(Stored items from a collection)
*** Begin section ***

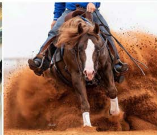
Rancho El Fortín
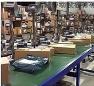
LOGISTICS AND TRANSPORTATION
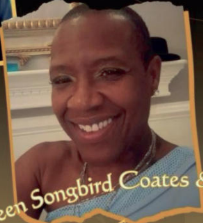
Queen Songbird Coates & Band
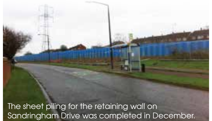
The sheet piling for the retaining wall on Sandringham Drive was completed in December.

Questions can be emailed to woodsidelink@centralbedfordshire.gov.uk or call 0300 300 5289.
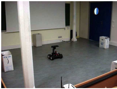
Fig. 4. Second experiment field

2) Circular trajectory : The second experiment consists of executing a circular trajectory in the environment shown in Figure 4. The test area was surrounded on all sides by a bounding wall, and a number of visual landmarks were placed around the test area to provide better scan matching conditions during turning maneuvers. The robot began stationary, executed two concentric counter-clockwise circles with a constant velocity, and then stopped at its initial position. The overhead position estimates from the IEKF are plotted against the LiDAR-derived reference trajectory in Figure 5.
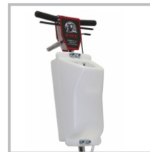
Optional 4 Gallon Solution Tank
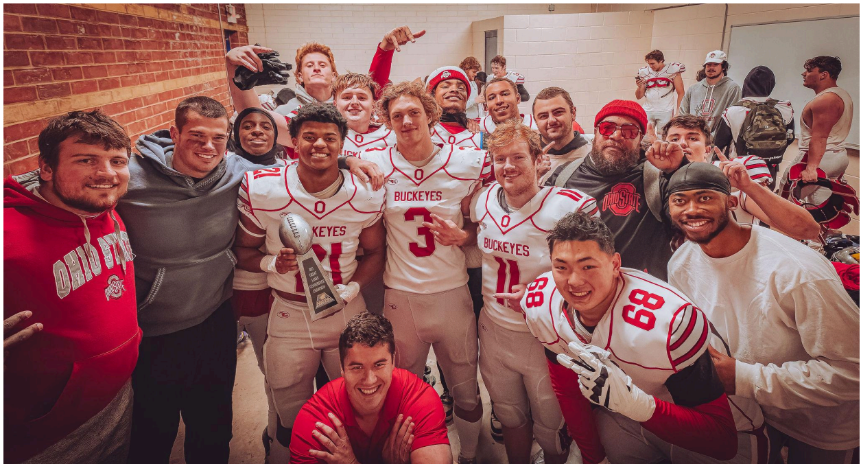
(Above) Ohio State's 2023 defense featured eight Honorable Mention All-Americans, including five defensive backs.
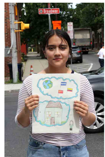
TOP AArt Workshop at Chelsea Day MIDDLE AArt Banners BOTTOM Dream Portraits
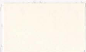
Whipped Cream 8.5YO19
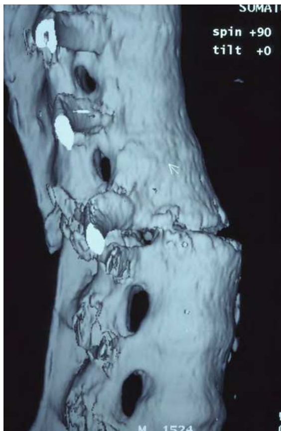
Fig. 3. Lateral 3D reconstruction image of the same case.

Preoperative evaluation of the cervical spine is essential when manipulating the neck during intubation and patient positioning. Physicians also must be aware that, because the atlanto-occipital joint is last to fuse, atlantoaxial instability may occur. Instability is usually demonstrated on lateral flexion-extension views of the neck, where the atlantodens and posterior atlantodens intervals are measured. An atlantodens interval >3.5 mm is indicative of instability. A difference of 7 mm indicates disruption of the alar ligaments, and a difference >9 to 10 mm or a posterior atlantodens interval >14 mm is associated with an increased risk of neurologic injury and usually requires surgical intervention (Kubiak et al, 2005). However, there are no guidelines for the management of atlantoaxial subluxation in patients with AS. Such management is similar to that performed in patients with rheumatoid arthritis (Ramos-Remus et al., 2006).
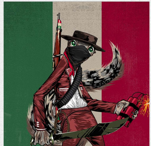
BANDA de LADRONES Breed: Mexican Ground Squirrel Total Supply: 900 % of Drop: 9%
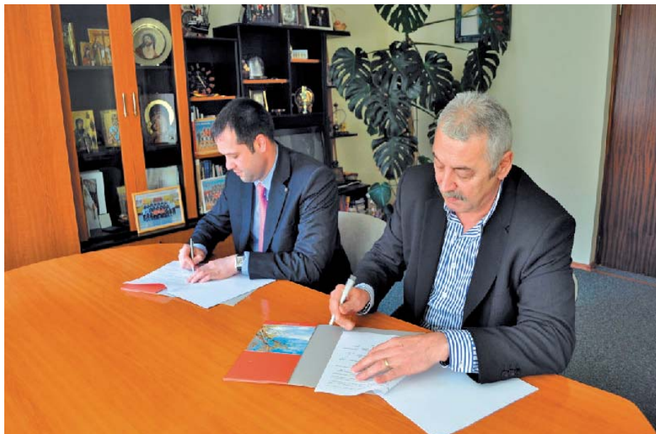
^ Signing of the Memorandum of Understanding between RDA North, Republic of Moldova and RDA NORTH_EAST, Romania

a sustainable and successful collaboration between the RDA North, Moldova and RDA North-East, Romania.
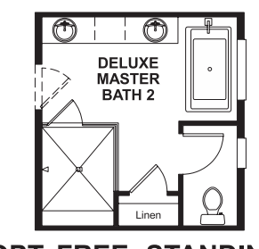
OPT. FREE- STANDING TUB AT DELUXE MASTER BATH 2

Floor plans and renderings are conceptual drawings and may vary from actual plans and homes as built. Options and features may not be available on all homes and are subject to change without notice. Actual homes may vary from photos and/or drawings which show upgraded landscaping and may not represent the lowest-priced homes in the community. Features may include optional upgrades and may not be available on all homes. Square footage numbers are approximate and are subject to change without notice. Prices, specifications and availability subject to change without notice. @2019 Richmond American Homes, Richmond American Homes of Colorado, Inc. 7/2/2019
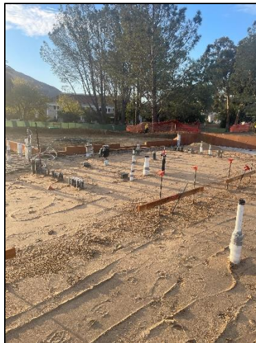
Under Slab Sand (West Side)
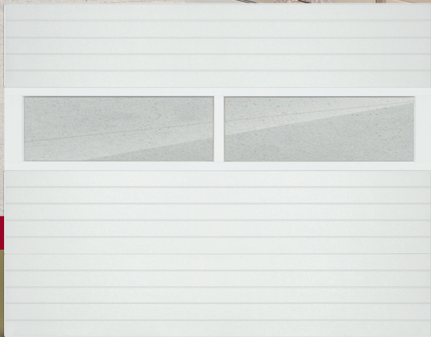
9' x 7' 3285 white with optional white aluminum full-view window section

*** End section ***

- How to complete this task
What to print is the stretch of entries from the line with "Questions can be" up to and including the line with "Fig. 4. Second experiment field". Please print it exactly and leave out the pictures.

- Output of the exercise
Questions can be emailed to woodsidelink@centralbedfordshire.gov.uk or call 0300 300 5289.
Fig. 4. Second experiment field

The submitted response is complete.